8: Xiandi ji 獻帝紀 [‘Annals of Emperor Xian‘]: “Ju Shou was from Guangping 廣平. He had high aspirations in his youth and was clever, resourceful and tactically minded. He was appointed as Aide-de-Camp of the Province 州別駕 and recommended as a ‘Flourishing Talent’ 茂才. He spent time as the Prefect of two counties and then became the Aide-de-Camp to Han Fu, being recommended and appointed as Chief Commandant of Cavalry 騎都尉. Ju then joined Yuan Shao, after the latter gained Jizhou.”

Yingxiong ji 英雄記: “At the time the reign title was Chuping 初平 [190-194]. Yuan Shao was styled Benchu 本初, so he thought that since his name matched with the reign title, he could certainly overcome the turmoil.”

9: Han mo mingshi lu 漢末名士錄 [‘Record of Eminent Officers of Late Han’]: “Humu Ban, styled Jipi 季皮 (V), was from Taishan 太山. In his youth, he and Du Shang 度尚 of Shanyang 山陽, Zhang Miao 張邈 of Dongping 東平 and others—eight in all—combined their meagre wealth to do good deeds and help the people.
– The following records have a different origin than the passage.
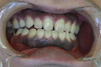黒ずんだ歯茎を健康的な色に戻すメラニン色素除去の治療です。 特殊な薬剤を使用してタバコなどで黒ずんだ歯ぐきを元のピンク色の歯ぐきに戻します。 歯茎の色が悪くなる原因としては、歯の治療に使われている金属による金属アレルギーでメラニン細胞が増えて悪くなる場合や、さし歯が合わず炎症を起こしていたり、歯周病による血行障害などが考えられます。それらの原因を取り除いても歯ぐきの色が変わらない場合は、レーザーでメラニン細胞だけを取り除きます。
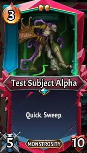 测试对象阿尔法:3点烬能,我是用烬能做的吗?哦抱歉,这是迅疾和横扫兼具?那继续吧!测试对象阿尔法(以下简称TSA)是一个使用起来极其简单的单位,即便属性不佳,也能解决游戏中大量难题。危险的横扫敌人、净化之魂这类玻璃大炮威胁、震耳传令官之类烦人的沉默单位?在它强大且迅捷的……翅膀面前,所有这些都能轻易被击败!TSA是简化你游戏流程中难题的绝佳选择,尽管其烬能消耗较高。 升级/搭配:和大多数横扫单位一样,它初始5点的攻击力低得可怜,亟需力量石和巨力石来提升。由于拉撒路联盟提供了大量装备卡来增强TSA的进攻能力,而且复活的敌人能够承受一次攻击,所以多重打击是非常值得的升级。我最喜欢的搭配是(C)扭曲助手,其扭曲背部装备能在攻击时同时提供狂怒和践踏效果。横扫攻击对所有敌人都算作“攻击”,这能让TSA快速积累大量狂怒,并通过践踏溢出额外伤害。总体而言,装备卡是提升他进攻或生存能力的好方法……考虑到他容易触发击杀效果,(U)嗜血之刃和(U)器官收割机等装备就能很好地发挥作用。 拉撒路联盟旗帜单位:稀有 稀有(R)旗帜单位:
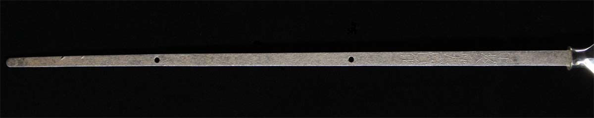 近江国(滋賀県)坂田郡下坂田村は、南北朝時代より近世まで国人領主の下坂氏が長く実行支配しており、下坂家・京極家・浅井家という戦国大名などの求めに応じて武器を制作していた鍛冶の祖が、下坂八郎左衛門入道と言われ鍛冶銘早見出にも「下坂鍛冶の元祖、時代・天正頃」と記載されています。越前初代康継の父とも兄ともいわれ、初代康継との関わり深い鍛冶です。 黒みをおびる地金は北国物特有の肌合となり、おそらく近江か越前にて制作された一振りで、のたれに互の目を交え、地沸厚くつき、地景よく入り、野趣溢れて出来が優れており、下坂の十文字槍の優品です。 中心:生ぶ、在銘 【御拵え入り】
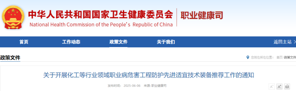 为贯彻落实《健康中国行动(2019-2030年)》《职业病防治规划(2021-2025年)》有关工作部署,加快推进职业病危害工程防护先进适宜技术装备研发和推广应用,推动传统产业优化升级、发展新质生产力,国家卫生健康委、工业和信息化部拟遴选发布一批化工等行业领域职业病危害工程防护先进适宜技术装备目录。现开展推荐工作,有关事项通知如下:
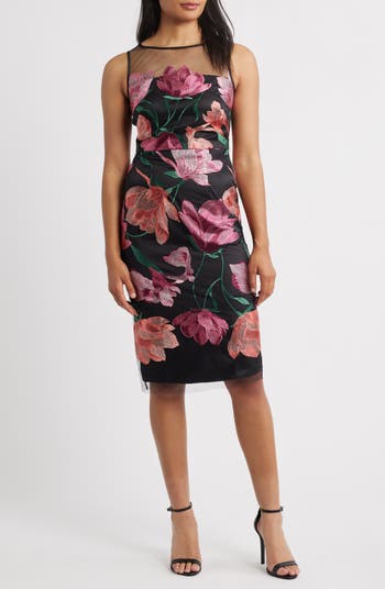 Beautifully embroidered flowers add whimsical elegance to the mesh overlay of this stunning sheath perfect for your next formal event.
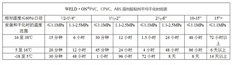 Uwaga: Czas schnięcia oznacza czas niezbędny do wywarcia ciśnienia po przyklejeniu rury i przy wilgotnej lub wilgotnej pogodzie czas schnięcia należy wydłużyć o 50%.
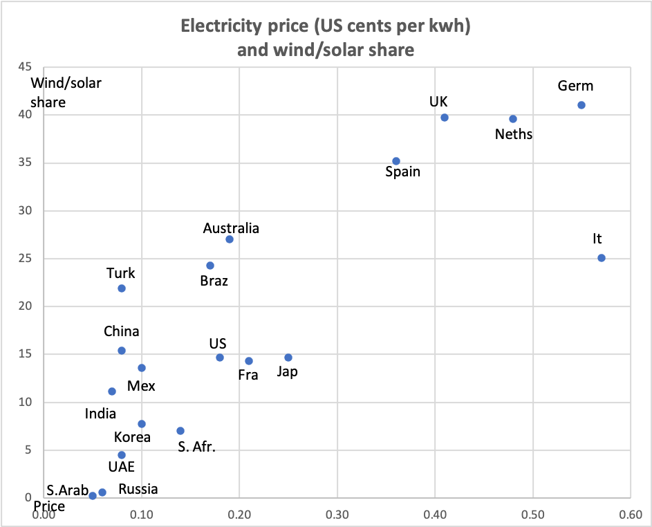 The readily available data by country for the wind and solar renewables share and price of electricity show a high share of renewables is concomitant with high electricity costs. The cheapest electricity is found in the nations with the lowest renewable energy share: Saudi Arabia, Russia, India, UAE and Korea. Germany, the UK, the Netherlands, Spain and Italy have high prices and high renewables shares.
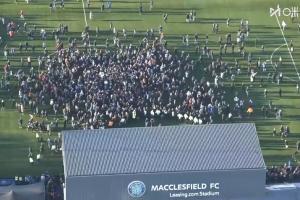 赛后第一时间麦克尔斯菲尔德球迷涌入场内,疯狂庆祝。
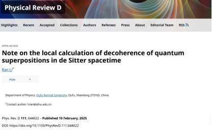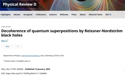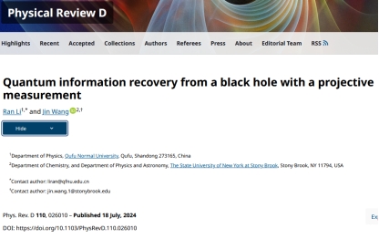 2024年以来,我院李然副教授在广义相对论和黑洞理论方向取得一系列研究进展,相关成果发表于《Physical Review D》和《European Physical Journal C》等国际学术期刊,包括PRD论文5篇和EPJC论文1篇,并指导本科生王力强同学在PRD发表论文1篇。上述研究成果均以曲阜师范大学为第一署名单位,并得到了纽约州立大学石溪分校汪劲教授的悉心指导与大力支持。
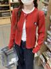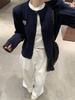 Navy Blue White Round Neck Twist Embroidered Knitted Sweater for Women's Spring and Autumn Small Design Sweater Jacket
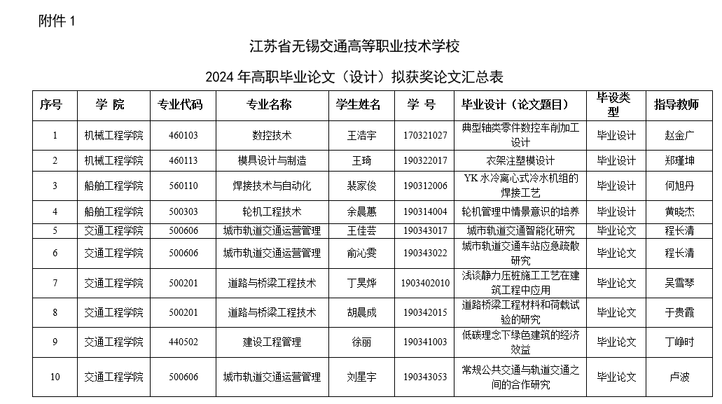 根据《关于做好2024届毕业生毕业论文(设计)答辩及优秀毕业论文(设计)认定的通知》,经各学院遴选推荐、组织专家评审,拟认定35篇作品为2024年学校五年制高职优秀毕业论文(设计),拟获奖名单详见附件1,现予以公示。公示期限:2024年7月5日—2024年7月11日。如有异议,请与教务处卢波老师联系,联系电话:0510-68781133。
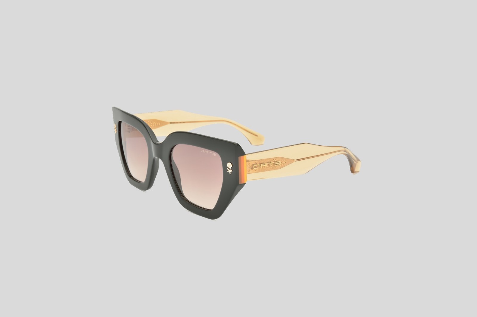 Стильная модель с оправой cat eye выполнена из черного ацетата. Широкие геометричные дужки желтого цвета украшены тисненым логотипом золотистого оттенка. Желтые линзы на 100% защищают от вредного воздействия ультрафиолетовых лучей. В комплекте — фирменный чехол и салфетка.
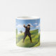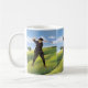 Vintage looking golfer in early 20th century attire taking a swing of his golf club on a watercolour landcaspe . Ideal gift for the golf fanatic or golfer in your life
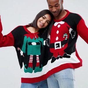 Una pareja combinando ugly sweaters de Santa y su elfo travieso, llevando la diversión navideña al siguiente nivel

Their contemporaries called them the ‘Eight Kitchens’ 八廚.”

V: Hou Han shu has Jiyou 季友 instead of Jipi.

Xie Cheng’s 謝承 Hou Han shu 后漢書: “Humu Ban was Wang Kuang’s brother-in-law [husband to Wang’s sister]. Dong Zhuo sent Humu Ban with imperial edict to Henei to reconcile with the ‘righteous troops’ 義軍. Wang Kuang received an order from Yuan Shao, so he arrested Humu and planned to kill him before the army. Humu Ban wrote to Wang Kuang: ‘Since antiquity, there have not been regional lords who have raised troops against the capital. Liu Xiang zhuan says: the leaping rat fears the implements of man. In any case Dong Zhuo has now secured himself in the palace and taken the Son of Heaven for protection. With the young lord in the palace, how can anyone campaign against him? The Grand Tutor Ma Gong, grand coachman Zhao Qi, Privy Treasurer Yin Xiu and my humble self all bear imperial edicts. Though the various commanderies east of the passes do truly loath Dong Zhuo, they must accept the authority of the monarch and dare not abuse it. Yet you alone detain me in this gaol in order to rouse the war drums. This is the action of a dreadfully fiendish, immoral man. What relations have I with Dong Zhuo that I would commit evil deeds with him? Yet, opening the jaws of a tiger or a wolf, you spit the venom of a serpent. In fury at Dong Zhuo, you shift your anger to me—how very cruel! Death is the adversity of man, but my death will be branded murder by a crazed man. If a deceased has a soul, then mine will descend from the august Heaven to vent its grievances. In the past we were as one, now we are joined by blood. The dead man’s sons are your own nephews. After I have died, please do not order that there be mourning over my body.’ When Wang Kuang received his letter, he embraced Humu’s two sons and weeped. Subsequently Humu Ban died in gaol. The story of how Humu saw the Lord Governor of Taishan the Duke of the He is in the Soushen ji (VI). It is not recorded here for its length.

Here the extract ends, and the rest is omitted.